When the snow finally arrived it ironed the land and made everything look deliberate. The Owl watched children drag sleds past a wall where someone had written, in a hand both hurried and elegant, that someday there would be a picnic here. He considered that promise and decided it was the most strategic statement he had heard all year. He thought of the diplomats and the drones, the sanctions and the sermons, the pipelines and the prayers, and concluded that the business of peace is usually conducted by people who have already bought bread for the morning.

He lifted off from the chimney with a soft thud of air and drifted once around the square. The statue with the sandbag scarf looked up at him as if to ask whether progress had been made. He answered with a circle, which is the Owl’s way of saying that history prefers loops to lines. But he added, under his breath and for his own comfort, that loops can widen, and sometimes widening is the only victory available.

On his way out of the town he passed over a train whose windows were lit. Inside, faces floated like small moons in their own gravity: a woman with a cardboard carrier for a cat that hated travel, a boy discovering that geography is not a school subject but a seat assignment, a man whose hands remembered a plough. The Owl wished them a safe arrival, which is also a political statement, and turned his head towards the dark ribbon of the river that never stops arguing with the sea.

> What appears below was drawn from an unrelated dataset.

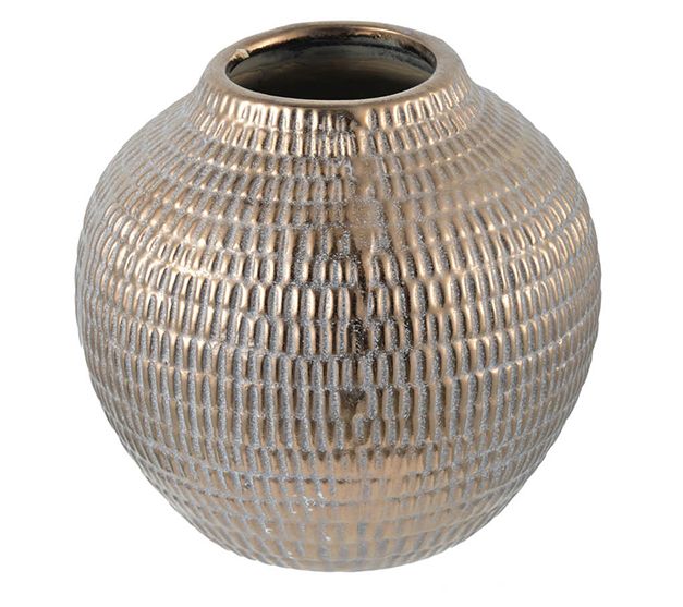 Beautifully house your favorite floral arrangements in this shimmering ceramic pot. From Barbara King.

If you ask him, months later, what lesson he carried away balanced between his wings, he will tell you that the world is quite serious about righteousness in the abstract and quite practical about righteousness in the specific. That every headline belongs to the brave and every footnote to the careful. That wars are settled, if they are settled at all, by a confession no one prints: the cost has exceeded the appetite. And that for all the speeches about eras and orders, most of us still measure the world by whether the kettle boils when we ask it to.

He will also tell you that he believes in the picnic on that wall. Not as metaphor, but as logistics: someone must pack the bread and someone must secure the meadow and someone must persuade the ants to mind their manners. In that division of labour there will be roles for America and India and China and NATO and the rest, each bringing what they have always brought—weight, balance, calculation, noise—and perhaps, if fortune is in a forgiving mood, a small willingness to be bored by the absence of explosions. The Owl approves of boredom. It allows children to grow and bakers to take days off and statues to wear scarves for fashion instead of for shrapnel.

And so he leaves Europe for the night with that unfashionable hope tucked where a pocket would be, returning to the old tree from which he watches old continents make new mistakes. He has no final line, not one that fits on a banner. He only has a habit: to come back at dawn and count chimneys, to see how many are still standing, and to say, when one more than yesterday is there, that this too resembles victory.